#### [Task]
For the data below, retype word for word the lines from the one containing "Rent Stabilized gut-renovated" through the one containing "Hyperlite’s new KRUZR-GLS"; drop the pictures.

#### [Source data]
::::::

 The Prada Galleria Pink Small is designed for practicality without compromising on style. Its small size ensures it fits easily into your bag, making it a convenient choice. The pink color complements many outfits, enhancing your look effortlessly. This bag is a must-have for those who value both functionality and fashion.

::::::

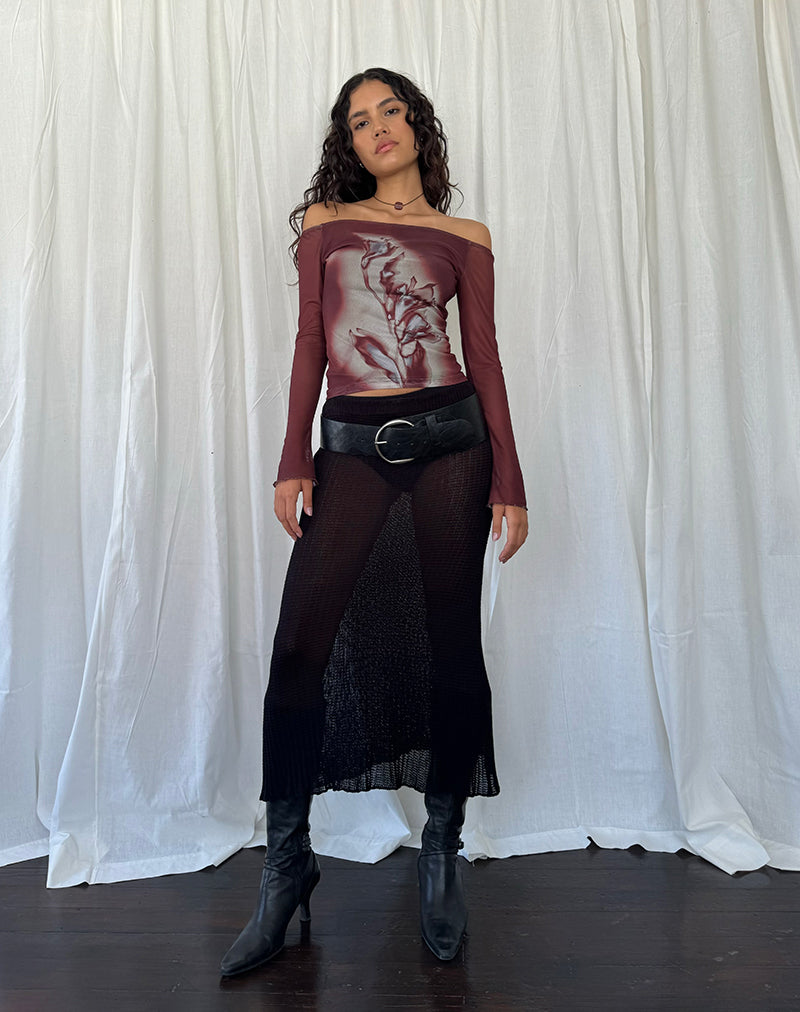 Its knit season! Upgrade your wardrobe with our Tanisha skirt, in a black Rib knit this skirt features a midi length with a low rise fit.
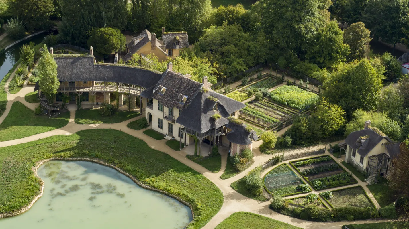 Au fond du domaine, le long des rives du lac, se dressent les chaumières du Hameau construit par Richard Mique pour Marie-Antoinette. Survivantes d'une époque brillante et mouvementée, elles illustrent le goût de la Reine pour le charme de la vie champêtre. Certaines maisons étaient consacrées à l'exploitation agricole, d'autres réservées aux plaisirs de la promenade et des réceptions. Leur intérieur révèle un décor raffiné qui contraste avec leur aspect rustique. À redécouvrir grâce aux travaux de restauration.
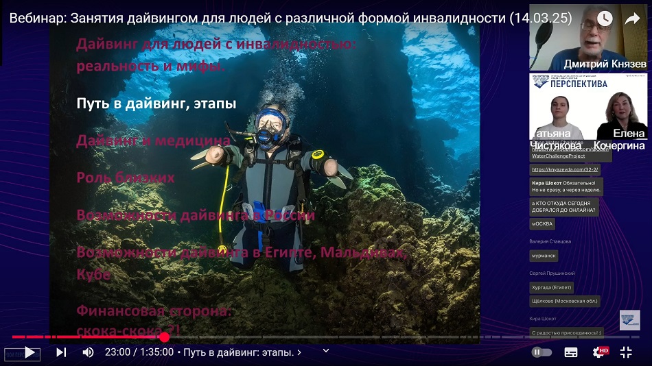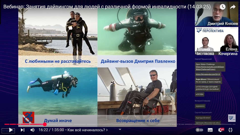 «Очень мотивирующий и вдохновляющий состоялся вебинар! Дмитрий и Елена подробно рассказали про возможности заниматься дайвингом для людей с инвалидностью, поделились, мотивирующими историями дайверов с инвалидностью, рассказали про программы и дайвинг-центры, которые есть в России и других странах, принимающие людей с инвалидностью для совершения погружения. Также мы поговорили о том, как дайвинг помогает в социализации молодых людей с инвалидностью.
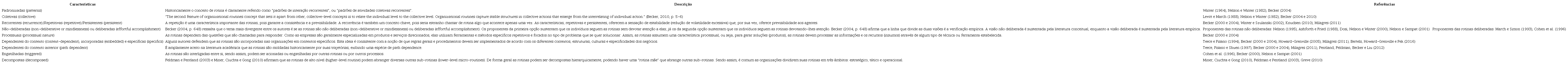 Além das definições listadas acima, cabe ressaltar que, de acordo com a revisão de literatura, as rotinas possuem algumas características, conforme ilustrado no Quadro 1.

::::::

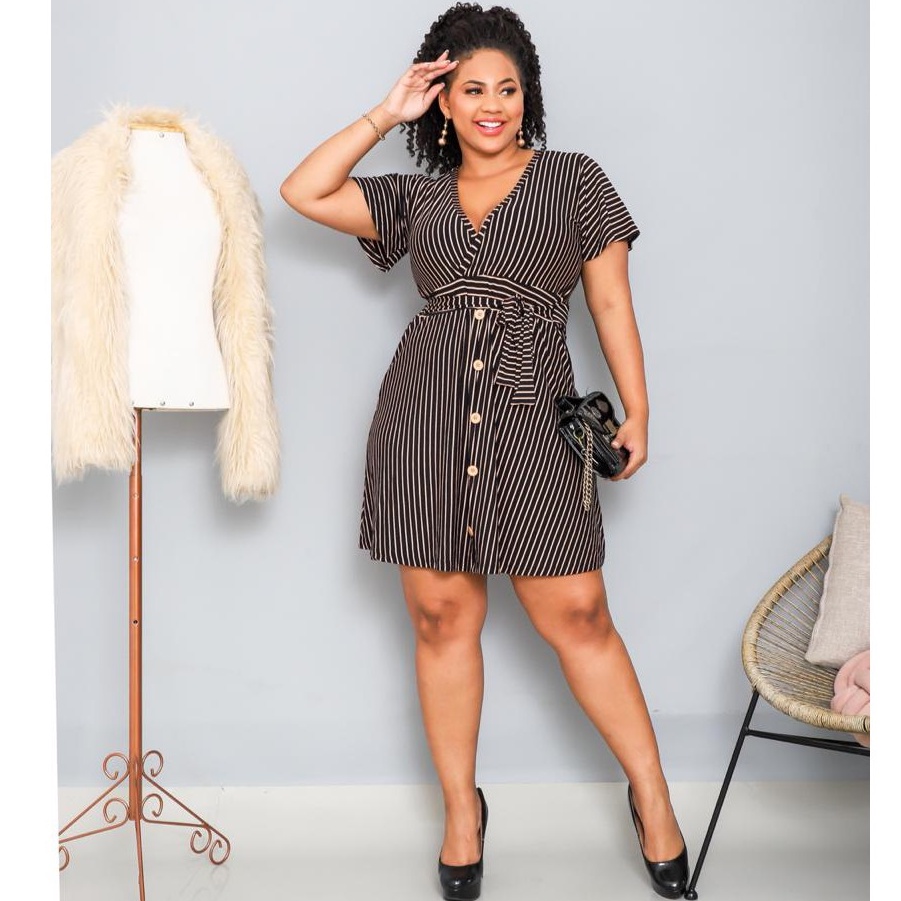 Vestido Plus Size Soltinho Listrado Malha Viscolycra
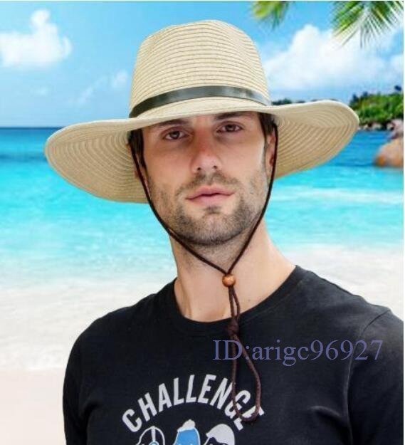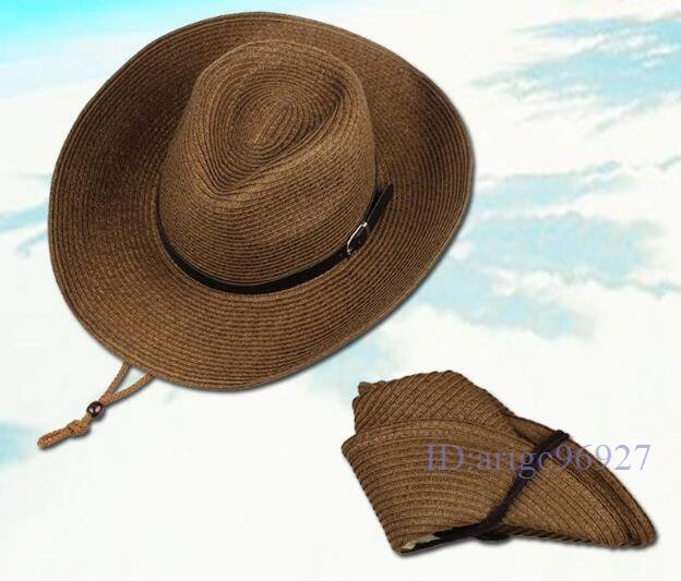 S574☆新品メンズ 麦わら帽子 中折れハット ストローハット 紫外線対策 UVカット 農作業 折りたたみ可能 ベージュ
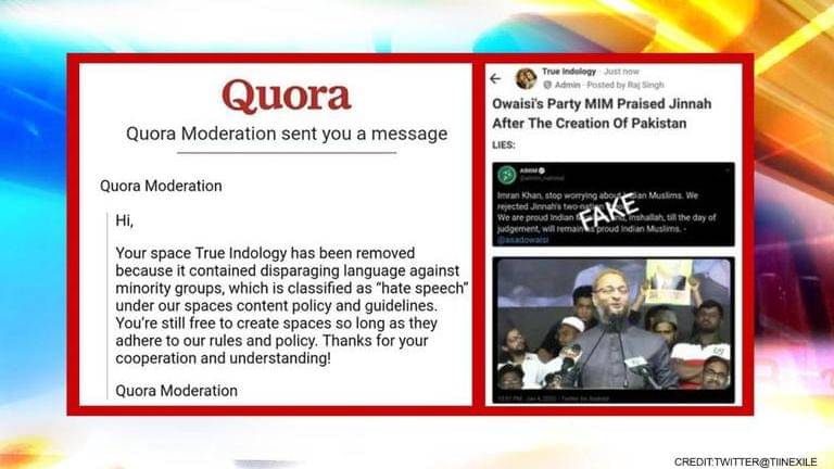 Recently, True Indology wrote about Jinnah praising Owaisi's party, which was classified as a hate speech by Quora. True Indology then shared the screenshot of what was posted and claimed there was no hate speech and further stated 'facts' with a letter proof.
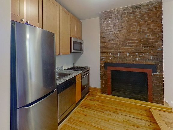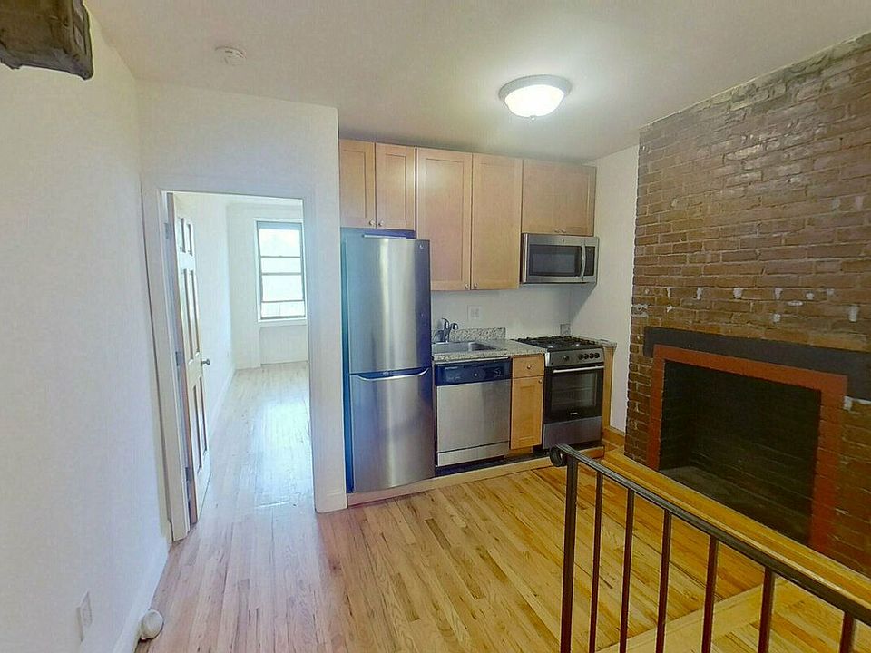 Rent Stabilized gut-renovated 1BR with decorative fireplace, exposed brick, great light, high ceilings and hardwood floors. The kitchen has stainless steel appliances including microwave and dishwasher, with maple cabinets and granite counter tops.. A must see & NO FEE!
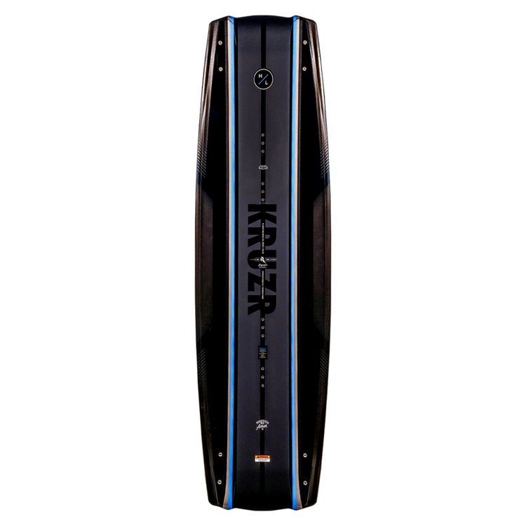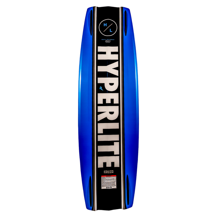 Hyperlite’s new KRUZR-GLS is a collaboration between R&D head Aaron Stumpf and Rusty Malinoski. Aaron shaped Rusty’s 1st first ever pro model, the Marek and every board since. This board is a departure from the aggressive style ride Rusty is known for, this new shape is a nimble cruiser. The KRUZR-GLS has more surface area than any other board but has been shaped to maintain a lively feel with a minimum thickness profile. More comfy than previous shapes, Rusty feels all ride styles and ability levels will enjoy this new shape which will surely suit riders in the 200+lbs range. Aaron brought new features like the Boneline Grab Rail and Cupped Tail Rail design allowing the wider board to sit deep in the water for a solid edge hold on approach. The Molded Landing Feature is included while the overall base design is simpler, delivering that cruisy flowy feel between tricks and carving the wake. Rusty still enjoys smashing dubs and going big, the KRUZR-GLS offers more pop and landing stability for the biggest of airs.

::::::

#### [Output of the task]
 Rent Stabilized gut-renovated 1BR with decorative fireplace, exposed brick, great light, high ceilings and hardwood floors. The kitchen has stainless steel appliances including microwave and dishwasher, with maple cabinets and granite counter tops.. A must see & NO FEE!
 Hyperlite’s new KRUZR-GLS is a collaboration between R&D head Aaron Stumpf and Rusty Malinoski. Aaron shaped Rusty’s 1st first ever pro model, the Marek and every board since. This board is a departure from the aggressive style ride Rusty is known for, this new shape is a nimble cruiser. The KRUZR-GLS has more surface area than any other board but has been shaped to maintain a lively feel with a minimum thickness profile. More comfy than previous shapes, Rusty feels all ride styles and ability levels will enjoy this new shape which will surely suit riders in the 200+lbs range. Aaron brought new features like the Boneline Grab Rail and Cupped Tail Rail design allowing the wider board to sit deep in the water for a solid edge hold on approach. The Molded Landing Feature is included while the overall base design is simpler, delivering that cruisy flowy feel between tricks and carving the wake. Rusty still enjoys smashing dubs and going big, the KRUZR-GLS offers more pop and landing stability for the biggest of airs.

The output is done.